Epic has also struck a deal to do a thirteenth batch of Son of a Baptist with beans that were aged in tequila barrels by Hotbox Roasters in Longmont, a company owned by Oskar Blues Brewery.

So far, Epic has brewed ten to thirty barrels of most of these and distributed them in kegs for bar and restaurant accounts in each market — so that the areas around Columbus, Ohio, for example, have the Stauf’s version. Epic also brewed about sixty barrels of the Colorado batch, which has been packaged in 22-ounce bomber bottles and is currently available for sale around Denver.

The eventual goal is to make larger batches of each version of Son of a Baptist this fall, can them and distribute them in the corresponding market, although McGregor says some of the markets have asked if they can try some of the other batches as well. It’s likely that the tap room in Denver may host some events at which coffee beer fans will be able to try and compare multiple versions.

All of the information about each batch — including details about the roaster and the specific beans that were used — will be available online so that drinkers can read about them.

Although the logistics of making twelve batches of a similar beer with twelve different roasts and then distributing each in a different market has been complicated, it has also been fun, McGregor says.
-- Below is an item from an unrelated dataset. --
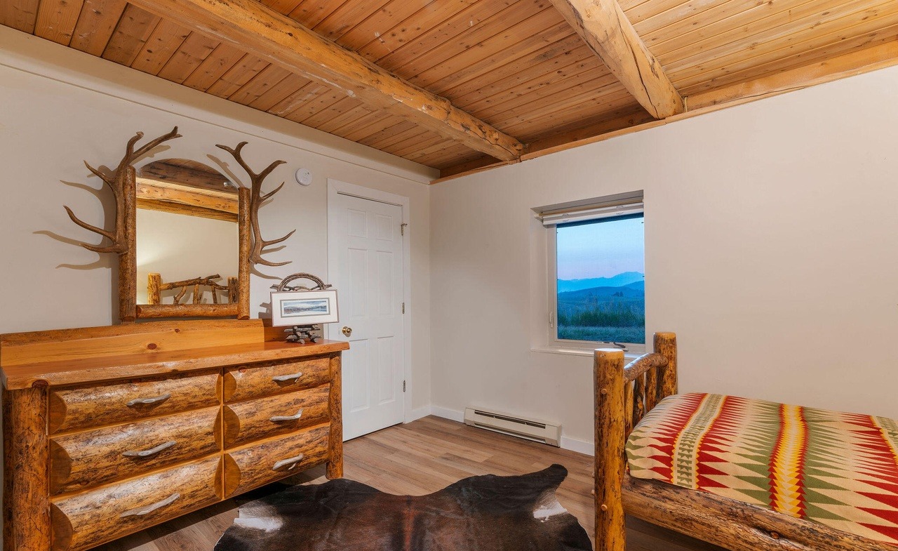 A sophisticated mountain retreat bedroom featuring exposed timber beams, rustic log furniture, and expansive windows framing stunning alpine lake and forest views. The space balances authentic cabin character with refined luxury through warm wood tones, a striking antler-framed mirror, and traditional woven textile accents.

And Epic has the ability to do it more easily than some other breweries.

“We are neither large nor small, as a brewery. We are somewhere in the middle, and we are embracing that with this project,” he explains. In addition, since Epic has two breweries, one with a ten-barrel system in Utah and one with a twenty-barrel system in Denver, the company has a lot of flexibility when it comes to brewing schedules and the size of each batch.

And Epic might make things even more complicated by adding new roasters in some of its markets. “There are lot of roasters we want to work with,” McGregor says.

“It’s been education. It really has,” he adds. “We thought we had a pretty good coffee education because of Big Bad Baptist, but we are realizing there was a lot we didn’t know.”